Bunu diyen de mümkün
olan asgari ücret ile onun adına ücretle haccın yaptırılacağı hükmünü kabul
eder. Bu da şöyle olur. Ona ait mikat ahalisinden yahut ona yakınlardan bir
adam ücretle tutulur. Böylelikle masrafı azalır. Eğer bulunduğu şehri uzak ise,
şehrinden bir adam ücretle tutulmaz, ancak bunun yerine yakın bir yerden bir
adam tutulur. Bu görüşü kabul eden kimseler, Rasulullah (s.a.v.)'ın emretmiş
olması sebebiyle hac hakkında kabul etmiş ve onu o kişinin üzerine bir borç
görmüş olur. Aynı hükmü de bu manadaki her bir husus hakkında böylece dile
getirdiği gibi aziz ve celil Allah'ın vacip kıldığı bütün hususlarda da böyle
demiştir.

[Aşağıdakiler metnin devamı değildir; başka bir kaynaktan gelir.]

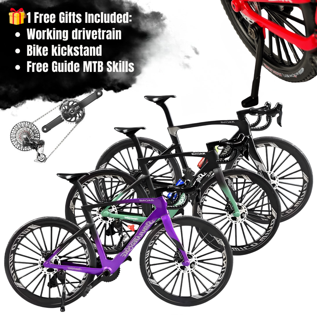 Depending on the model you choose, it includes a miniature downhill, enduro, mountain bike, or road bike, featuring realistic details and moving parts such as suspension and transmission.

Onu eda etmeden, sorumluluğundan kurtuluşu yoktur. Malın zekatı gibi
bunda, muhayyediği de yoktur. Kendisinin meydana getirdiği herhangi bir husus
söz konusu olmamak üzere; istese de istemese de kendisine ancak vacip olan her
şey için böyledir, çünkü insanların hakları orıların lehine anamaldan vacip
olur. Bu da insanların haklarındandır. Onun insanlar arasından muayyen bir
sınıfa eda edilmesini emretmiştir. Böylelikle bu, yüce Allah'ın farz kılması
ile haccın vücubu gibi vacip oluşu ve açıkladığım şekilde insanlara ait bir hak
oluşunu aynı düzeyde görmüş olmaktadır. Bu görüşü kabul eden bir kimse, buna
göre, beraberindeki bütün vasiyetleri tedbir denilen ölümden sonra köle ve
cariyenin azad edilmesi ile başlar ve Allah bu işi insanların lehine olan
haklardaki vücub gibi vacip kıldığından ötürü mirasçılardan önce alacaklı
kimseler hakkında özellikle yerine getirir. Bu ise -en iyi bilen elbette yüce
Allah'tır- sahih bir görüştür.
İşte bu kanaatte olan
kimseler, hasta olarak buluğa ermesi, sonra da (hacc edemyecek kadar) hasta
olarak ölünceye kadar sağlığına kavuşmayan kimse müstesna, hac hakkında da
vasiyet olarak değil onun üzerine vacip olduğunu ifade etmiş olur. Çünkü vacip
(farz), hastaya da sağlıklı olana da aynıdır. Yerine getirmekle yükümlü olduğu
yemin kefareti ya da daha başka yükümlülüğe gelince, bunun ifa edilmesini
vasiyet ederse, diğer vasiyetler gibi malının üçtebirinden yerine getirileceği
söylendiği gibi şöyle de denilmiştir. Hayır, bunun yerine getirilmesi gerekir.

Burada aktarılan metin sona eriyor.